This article investigates NAIRU which stands for Non Accelerating Inflation Rate of Unemployment and its trend in three of the world gigantic economies to mention orderly USA, Japan and China. A Vector Autoregressive Regression model estimated to study the reaction of NAIRU to shocks imposed by labour productivity. Results indicate both productivity shocks and NAIRU fluctuations have counter effects.

JEL CLASSIFICATION:

I. Introduction

Equilibrium in unemployment leads us to the concept of NAIRU (Non Accelerating Inflation Rate of Unemployment) which in fact is the most important indicator in order to see the structural changes in labour market (Komijani and Mohebi Citation2013). There are some factors having influence on NAIRU among all labour productivity and is highlighted in researches carried out by economists. Mankiw and Ball (Citation2002) in their paper state that ‘In the future they should expand their scope to build and test models of inflation, unemployment and productivity’. Hatton (Citation2007) utilized long-run data of UK for examining whether a consistent relationship exists between productivity growth and unemployment. The results indicate that with faster productivity growth, NAIRU behaves in opposite direction.Footnote1 The most important factor that has been taken for analysis in most studies is how productivity treats. (Mohebi, Citation2017) Based on which in this article a VAR model is applied to yearly data to explain the effects of productivity shocks on NAIRU. The rest of this article is organized as follows: in the first part, the trend of NAIRU for three countries is depicted in front of productivity, the next part is devoted to the VAR estimation of the relationship between unemployment and labour productivity shocks, Section V belongs to Granger causality analysis and the last part concludes.

II. NAIRU and its trend

According to the plotted NAIRU in front of productivity, the trends and factors influencing them will be taken for analysis. As it is vivid from trend of USA based on the statistics of productivity, it can be categorized in four main periods. From 1982 till 1987 and from 1995 till 2000 productivity has increased and NAIRU behaved in opposite direction which technically means that it has pushed downward by the improvement in the labour productivity. Through 1988 till 1994 and from 2001 till 2007 productivity and NAIRU are varying in the same directions. In order to explain the behaviour of NAIRU in mentioned periods, groups of factors can be engaged such as: composition of the unemployed population and labour force, institutional factors as acting to match unemployed workers and job vacancies, business cycles and other structural shocks such as productivity growth and reallocation of unemployment across sectors and regions.(Eli’as 1991)
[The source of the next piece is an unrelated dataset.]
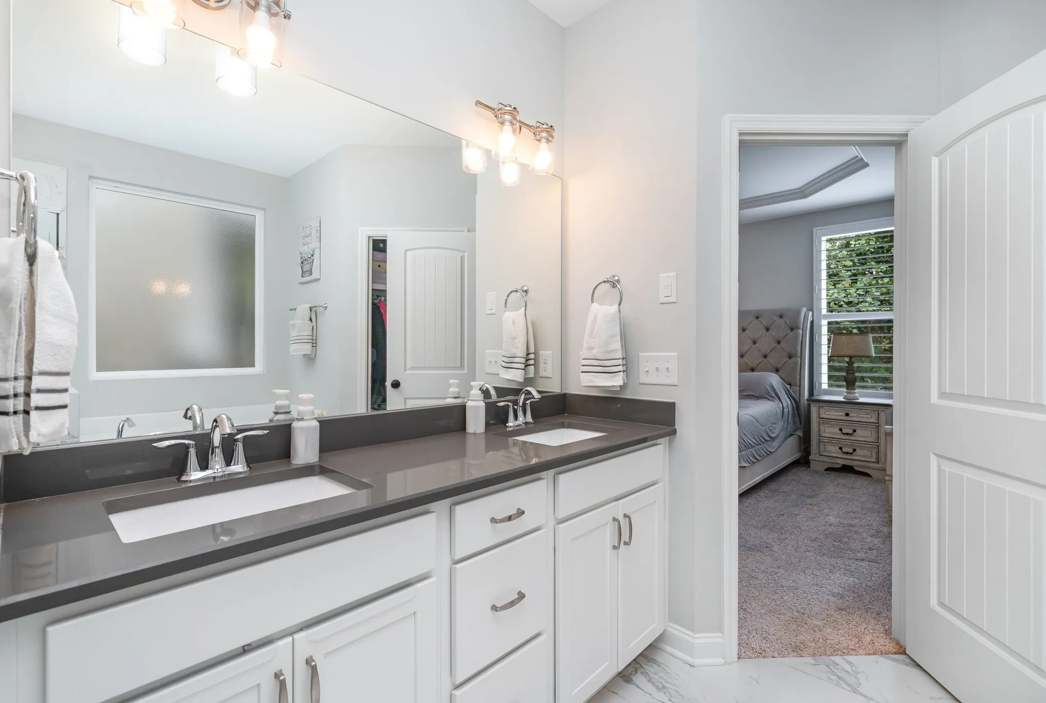 The main-floor primary suite features a tray ceiling, a large walk-in closet that happily swallows your entire wardrobe, and a beautiful bath with double vanities, a soaking tub, and a separate shower—because sharing is overrated.

In china, NAIRU is falling in two periods (1990–1991 and 1996–2000) and its increasing trend is between years 1992 till 1995 and 2001 till 2006.(Brandt and Rawski, Citation2008) One cause of falling NAIRU during 1990–1991 is that government tightly restricted the dismissal of workers. In fact, government regulates some rules in which enterprises could dismiss no more than 1% of their employees each year and they should substitute workers fired from workplace that may cause lower NAIRU in this period.Footnote2 Before the mid-1990s, there was virtually no unemployment. In this sense, the country was fully employing its labour resources, but incurring large inefficiencies in the allocation of workers to specific activities. Aggressive economic restructuring with Chinese government long-delayed plans to diversify ownership of state-owned enterprises and allowing inefficient firms to reduce employment or go bankrupt led to the layoffs of at least 10 million workers by 1997 and 27 million workers from 1998 to 2004 mostly from the state sector which is probably the most influencing in boosting NAIRU through 2001 till 2006. All in all, the most important factor on which this article will be structured upon is the productivity growth far away from special regulation of this country.
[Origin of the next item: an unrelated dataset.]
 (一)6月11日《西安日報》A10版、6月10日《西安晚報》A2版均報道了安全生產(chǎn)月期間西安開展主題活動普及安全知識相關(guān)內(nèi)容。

Last plot is reflecting Japan in which six distinguishable periods can be recognized to put in order: 1984–1987, 1989 till 1992, 1993 till 1995, 1996 till 1999, 2000 till 2003 and 2007 till 2009. As it can be considered, NAIRU is low approximately in all nominated periods. A starting point in describing this phenomenon is that employment is roughly Social Security(Stiglitz, Citation1997). Benefits run out after a year for long-term workers and much quicker for those with shorter work histories. This helps to prevent the build-up of long-term unemployment. There has been, until recently, high rate of productivity growth as wonderful oiler of the wheels and it makes interesting to see whether Japanese unemployment remains high constantly, as productivity growth abates or vice versa (Micheal and Pannendberg Citation2002).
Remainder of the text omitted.